Look for Flesh-Colored Bumps
While other rashes may appear red and irritated, molluscum contagiosum papules are flesh-colored. Ranging between 2 and 5 millimeters wide, you may notice that the bumps are shinier than the rest of your skin. If you believe you've contracted the virus, look carefully at the papules to see if they have a depression in the center, where the viral umbilicus grows.
Examine Bumps for a Waxy, Indented Head
Another telltale sign of molluscum contagiosum is the presence of a smooth, pearly head in the center of each lesion. This head contains viral material, and the lesions can spread if scratched or broken open. If you're unsure if you have the condition, avoid scratching or picking at suspect papules until you confirm a diagnosis with your dermatologist.

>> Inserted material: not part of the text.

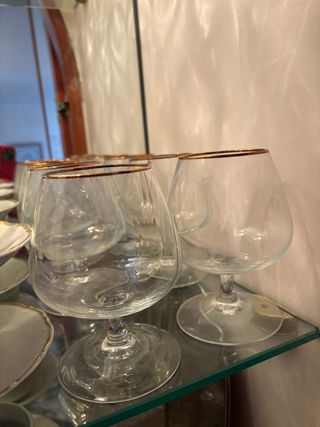 Juego de copas de cristal dorado

Take Note of the Outbreak Location
In children, molluscum are most often found on the face, armpits, trunk and limbs, though they can develop anywhere. While adults can also develop the rash on their face, trunk or limbs, it's often found in the pubic region, where it spreads from sexual contact. Most of the time you'll find molluscum bumps developing in small families, grouped together in bunches or in areas where the person has scratched and spread them.
Watch for Bump Development in Eczema Patches
If you develop flesh-colored bumps on top of eczema outbreaks, see your dermatologist. Molluscum lesions flourish in dry environments, so you may be more prone to these viral breakouts if you have dermatitis or seborrhea. In addition, you may notice that your eczema symptoms escalate when you contract molluscum, particularly around the lesion sites. Scratching these itchy regions exacerbates the problem, so avoid the temptation to rub or touch them.
Keep an Eye Out for Spreading
Acne, moles and cysts will not typically spread when scratched. If your bumps seem to be spreading in areas where you've scratched or picked at them, they could be molluscum contagiosum. The molluscum virus is transferred when a lesion breaks open and the waxy core contacts clothing or skin, so it's important to cover the bumps with a bandage or tape to avoid transmitting the lesions to others or spreading them to new areas of your body.